Tuesday, April 7, 2009

Tuesday Decisions

I think I am going to take my vacation as is. I checked the weather for Monday and it is supposed to be rainy now while tomorrow will be chilly but dry. Either way, my gardening is not getting done so I think I would rather NOT bother my bossman with switching things around while he's at a conference in Denver. I will just deal with it. I figure I can atleast get my house clean for my birthday, maybe do a little baking. I was even contemplating going to get my father and getting him out of the house with his broken leg. However, that's an hour drive up and an hour drive back in the big monster Diesel sucking dually truck since he can't fit his big bulky cast and crutches in my little mustang convertible. I will think on this. I know he would really like to get away for awhile even if it is to come down and sit in my house while I clean. He would atleast get to chit chat with his brother and sister since they both live down my road. Oh joy what my birthday would be to attend a convention of the brutal older members of my family..sigh.

I love my family but they are older and set in their ways. My father is the youngest of six children and I am the youngest of 17 grandchildren on that side. My Dad has NEPHEWS as old as he is. Many of the Great Grandchildren are my age or Older then me. It's very hard to relate to them as I am in such a different stage in life and a different age bracket. Some members want to lump me in with the GREAT grandchildren because of my age, when in actuallity I should be sharing with my 1st cousins when it comes to group pictures at the reunions etc. See the conflict? To make it more difficult, I'm the youngest one that still lives out near the "homeplace." There are five houses on the road. Of those there is my uncle and his wife, my aunt, my 1st cousin and his wife and my other first cousin and his girlfriend. The two cousins are brothers and are children of my uncle that lives on the road. Not one of them is under 45 or 50. They have been married before, have children, pay child support. My aunt and uncle both have great grandchildren themselves. I help mow my aunts yard and do this and that but thank goodness I live on the end and don't have to deal with them too awfully much because they really don't understand what it is like to be a newly wed and not have ALL the equipment and vacation days etc that they have. Anyway, I digress, I wasn't intending to write about this and really don't know where I was going with it anyway. I will decide in the morning what to do about my Dad. It's not like he needs much notice to get off the sofa.
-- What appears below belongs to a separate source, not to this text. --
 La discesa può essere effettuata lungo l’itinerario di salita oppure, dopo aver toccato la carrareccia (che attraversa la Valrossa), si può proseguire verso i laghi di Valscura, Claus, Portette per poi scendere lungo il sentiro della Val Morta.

On to more pressing matters. What is going on with my stomach? Ready for TMI? Night before last during sex, it hurt like hell, which ofcourse made it very ackward. Afterwards, the pain continued for sometime making it difficult to sleep. It was this extremely wierd metallic pain in the low left of my abdomen. Yesterday it ached on and off. Today it has been quite excruciating and not located to a small area but spread across my low abdomen. I feel like if I just took a poo or something but I have done that..and it made the pain worse and it still hasn't gone away. In addition to the pain, the bloat today is horrid. This pain is different from cramping or anything else I have felt before and is lasting longer then the typical sex pains I'm used to.
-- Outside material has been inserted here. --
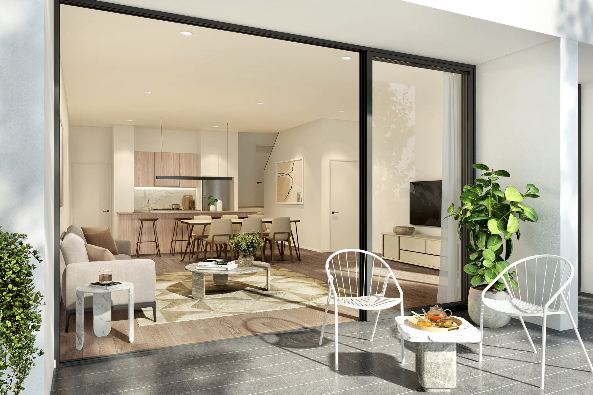 The open-plan living area is perfect for entertaining family and friends, featuring soaring 2.7m ceilings and glass sliding doors that create a seamless connection to the outdoor terrace. Enjoy far-reaching northerly views over the private residents’ community garden – a peaceful space to relax and connect with friends and neighbours within the greater Hamilton Hill reserve.

I have checked my TCOYF book and all the possibilities in there are not comforting. I have had repeated issues with pain during sex but this is bad. I guess next trip to the Dr. will be to have scans done for cysts on the ovaries. I'm wondering if maybe the Clomid tried to make me ovulate but it just put another cyst or something on my left ovary which was being aggrivated during sex. Whatever it is, this shit hurts. I am starting to worry that my PCOS is further along then they want to think even though my hormone levels were good at the last blood test.